The Shortbread Crust
The crust is a divine shortbread type of crust, and super simple to make!
2 Cups Flour. 1/4 Cup Sugar. 1 Cup Cold Butter.
I use organic flour, raw sugar and organic butter. That’s just how we roll here, use what you love!
Stir together flour and sugar and then use a pastry cutter to cut in the butter. You can use two forks to cut in the butter, but I find a pastry cutter makes it so much easier. Your mixture will resemble coarse crumbs. Pat the mixture into a 9×13″ pan and bake for 10 minutes at 350 degrees.
Strawberry-Rhubarb Filling
While you crust is baking, whip up the filling!
I use 1-1/4 Cups raw sugar instead of 2 cups, since the strawberries add sweetness and I want the tart of the rhubarb to stand out. 7 Tablespoons flour, 1 Cup Heavy whipping cream, 3 room temperature, large eggs…farm fresh, of course!! Chop 4 cups chopped Rhubarb and 1 Cup strawberries. Fruit can be fresh or thawed from frozen. Be sure to drain it if its been thawed. The original recipe says to FINELY chop the fruit, but I do not do this. I prefer to chop it small, not fine.

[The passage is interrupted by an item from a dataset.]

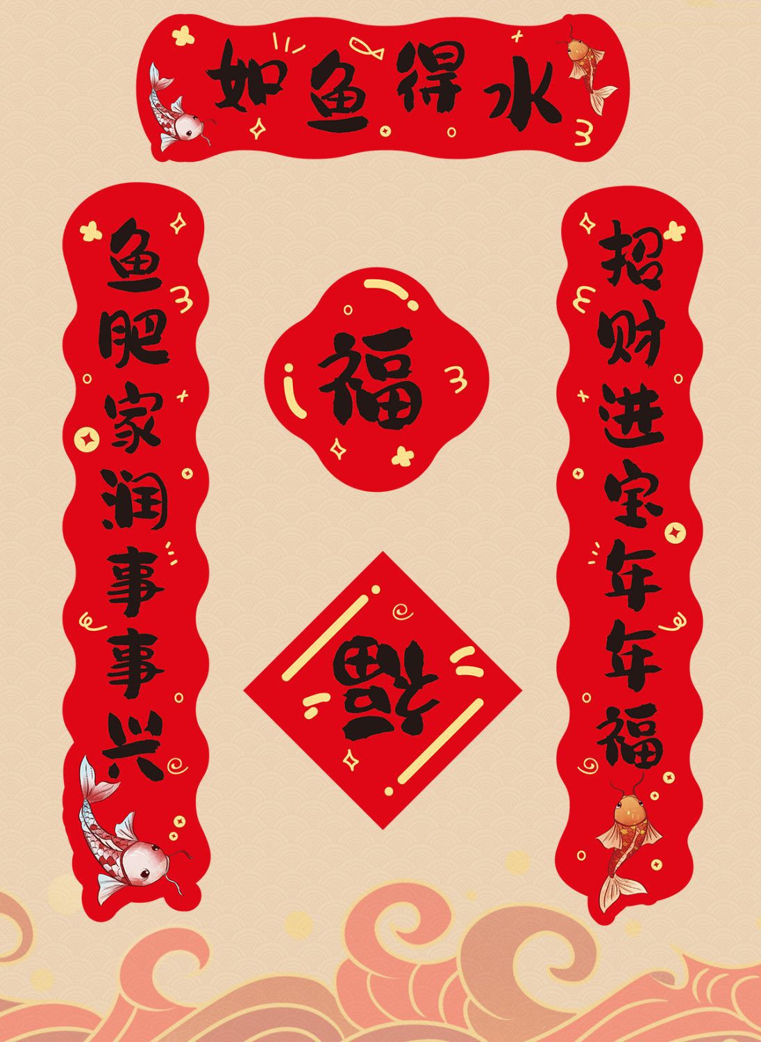 颜色 【如鱼得水】宠物新春小对联,【诸事顺遂】宠物新春小对联,【完美鼠生】宠物新春小对联,【财猫双全】宠物新春小对联,【汪旺大吉】宠物新春小对联,【金钱龟来】宠物新春小对联

Don’t forget your crust is in the oven! Maybe you are awesome and on top of these things, but I am one to forget important things like that! Stir together flour and sugar and whisk in eggs and cream. If your crust is ready, pour the mixture over the crust, and you are all set!
Bake at 350 degrees until custard is set, about 40 minutes. The first time I made this recipe, I made the mistake of trying to wait until my knife (or toothpick, for ya’ll fancy folk) came out clean. Apparently custard doesn’t do that, so I bake until it no longer jiggles.

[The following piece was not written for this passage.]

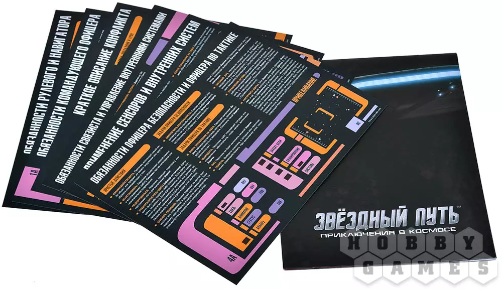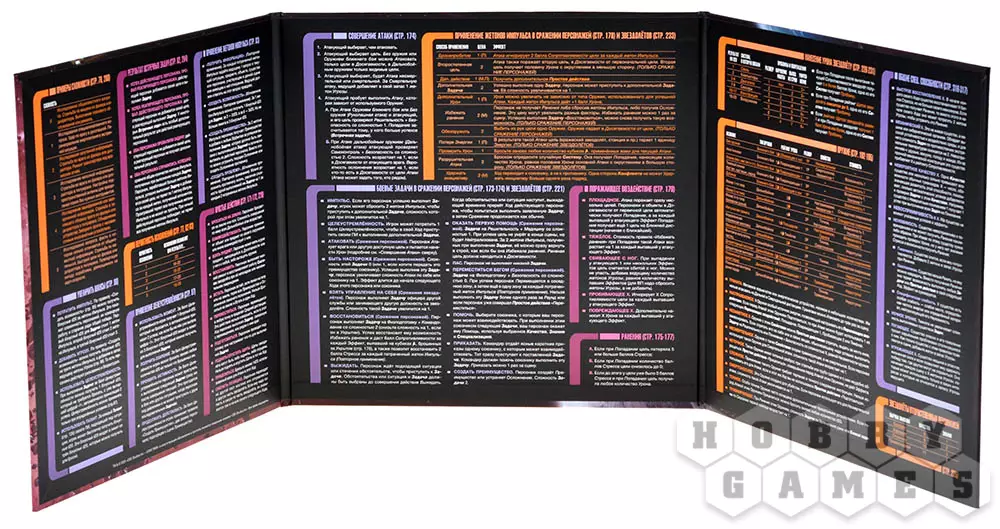 Эта ширма ведущего для настольной ролевой игры "Звёздный путь: Приключения в космосе" содержит на себе множество полезной информации об основных игровых механиках. Она состоит из трёх секций, а выполнена из плетёного картона высокого качества. Ведущему она поможет не только помнить основные правила, но и скрывать броски кубиков от игроков. Также в комплекте с ширмой идёт карта-плакат Альфа- и Бета-квадрантов, покрытый матовой ламинацией, а ещё полезные раздаточные материалы.

If you use stoneware for baking like me, you may be waiting a hot minute for this thing to cool off. This is the perfect time to make the topping! It’s quick and easy and SO GOOD. I honestly have hard time saving it for the cake!
Yummy Whipped Cream Topping
The recipe calls for 6 oz. of creams cheese, but I use 8. What am I going to do with 2 ounces of cream cheese…and a little extra surely can’t hurt? You’ll also need: 1/3 cup sugar, 1/2 teaspoon salt, and 1 cup heavy whipping cream. The original recipe uses 1/2 cup of sugar, but we really don’t like things super sweet.
Whip your cream. Homemade whipped cream is the absolute best…I don’t even buy it from the store any more! I put my mixer on the highest speed, add the cream, and beat til thick. You can a tablespoon or two of sugar to sweeten it up, and I add a little vanilla for other recipes, but it’s not needed for this since its already in the topping.
Put Your whipped cream in another bowl and use the mixer to cream together the cream cheese, sugar and vanilla. Then fold in the whipped cream.
As I mentioned before, it takes a while for food to cool in stoneware, so I decided to go treat the goats with the strawberry tops left behind from the filling. Usually we throw kitchen scraps out for the chickens, but I knew my goats would LOVE these.
Finishing Up
By now the cake is ready to top. Spread topping evenly over the cake.
After the topping is on, cover and chill. Unless you are like me and can’t wait to shove this warm gooey treat in your mouth….then by all means…
This recipe claims to make make 3 dozen bars. For this to be possible, you are looking at 3×1″ bars. This is probably doable, but it simply doesn’t happen in this house.
I hope you enjoy these oh-so-yummy rhubarb bars as much as my family does! If you try it, let me what you think! If you change it up, I’d love to hear how you make this recipe your own!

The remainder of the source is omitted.